Tive a honra de ministrar a palestra "Inteligência Artificial na Prática Ortopédica", um tema que representa bem o momento de transformação da nossa especialidade e o compromisso do congresso em olhar para o futuro.
Gratidão e olhar para o futuro
Nenhum evento dessa dimensão se faz sozinho. Sou grato a cada colega que participou, a cada palestrante que dividiu seu conhecimento, a cada membro da comissão organizadora e a cada parceiro que acreditou na proposta. O sucesso do congresso pertence a todos nós.



Que este primeiro congresso seja lembrado não como um ponto de chegada, mas como um ponto de partida. Sigo trabalhando, no consultório, no centro cirúrgico e também na construção de uma ortopedia tocantinense cada vez mais forte.
Perguntas frequentes
Quando e onde foi realizado o I Congresso Tocantinense de Ortopedia e Traumatologia?
O congresso aconteceu nos dias 15 e 16 de maio de 2026, no Auditório do Palácio Araguaia, sede do Governo do Tocantins, em Palmas.
Quem presidiu e organizou o congresso?
O Dr. João Protásio Netto, ortopedista e traumatologista em Palmas e presidente da SBOT no Tocantins, presidiu e organizou o evento, cuidando de cada detalhe da realização.
Quais foram os palestrantes e os temas do congresso?
O evento reuniu nomes de referência da ortopedia nacional, como o Prof.
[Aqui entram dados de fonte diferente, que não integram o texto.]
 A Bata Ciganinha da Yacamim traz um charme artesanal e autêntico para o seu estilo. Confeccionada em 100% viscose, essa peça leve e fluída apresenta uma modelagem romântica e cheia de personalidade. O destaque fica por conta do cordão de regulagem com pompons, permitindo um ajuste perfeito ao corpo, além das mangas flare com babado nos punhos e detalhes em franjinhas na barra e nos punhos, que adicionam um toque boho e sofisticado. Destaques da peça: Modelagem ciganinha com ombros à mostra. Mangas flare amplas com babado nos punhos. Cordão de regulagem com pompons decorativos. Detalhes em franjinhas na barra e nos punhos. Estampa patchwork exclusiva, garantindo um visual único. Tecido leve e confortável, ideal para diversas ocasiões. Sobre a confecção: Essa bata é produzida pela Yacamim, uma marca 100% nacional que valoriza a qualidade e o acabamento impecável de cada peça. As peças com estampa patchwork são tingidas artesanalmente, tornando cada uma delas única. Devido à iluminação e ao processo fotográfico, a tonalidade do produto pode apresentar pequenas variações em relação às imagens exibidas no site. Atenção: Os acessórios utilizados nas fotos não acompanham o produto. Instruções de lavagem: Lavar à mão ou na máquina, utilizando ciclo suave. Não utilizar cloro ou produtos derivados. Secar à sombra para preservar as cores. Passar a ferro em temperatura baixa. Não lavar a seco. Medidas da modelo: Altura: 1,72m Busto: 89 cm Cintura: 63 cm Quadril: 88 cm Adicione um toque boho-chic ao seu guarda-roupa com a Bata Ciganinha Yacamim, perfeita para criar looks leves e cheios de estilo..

Dr. José Carlos Bongiovanni, o Dr. Sandro Reginaldo, o Dr. Ricardo Horta Miranda, o Dr. Frederico Barra de Moraes e o Dr. Francisco Ramiro Cavalcante, entre outros. Os temas incluíram trauma e fraturas, quadril, ombro, joelho, mão, coluna, osteoporose, dor e medicina regenerativa.
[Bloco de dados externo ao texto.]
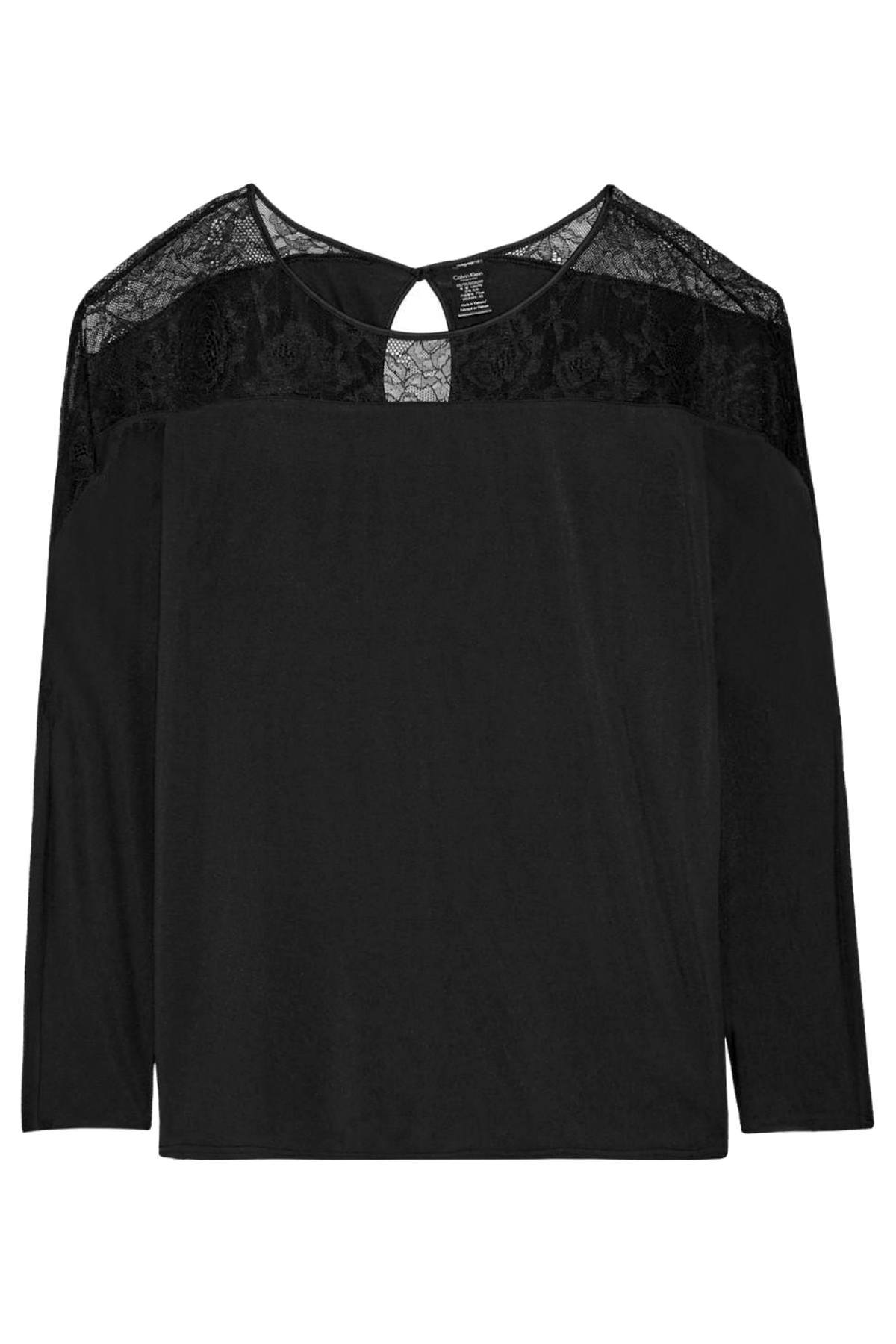 - Cut for a relaxed fit, it has pretty lace paneling framing the shoulders and arms.

Qual foi a participação do Dr. João Protásio no congresso?
Além de presidir e organizar o evento, o Dr. João Protásio Netto ministrou a palestra Inteligência Artificial na Prática Ortopédica.
Por que um congresso de médicos importa para os pacientes?
Porque um ortopedista continuamente atualizado oferece diagnósticos mais precisos e tratamentos alinhados às melhores evidências, o que se traduz em melhor cuidado perto de casa.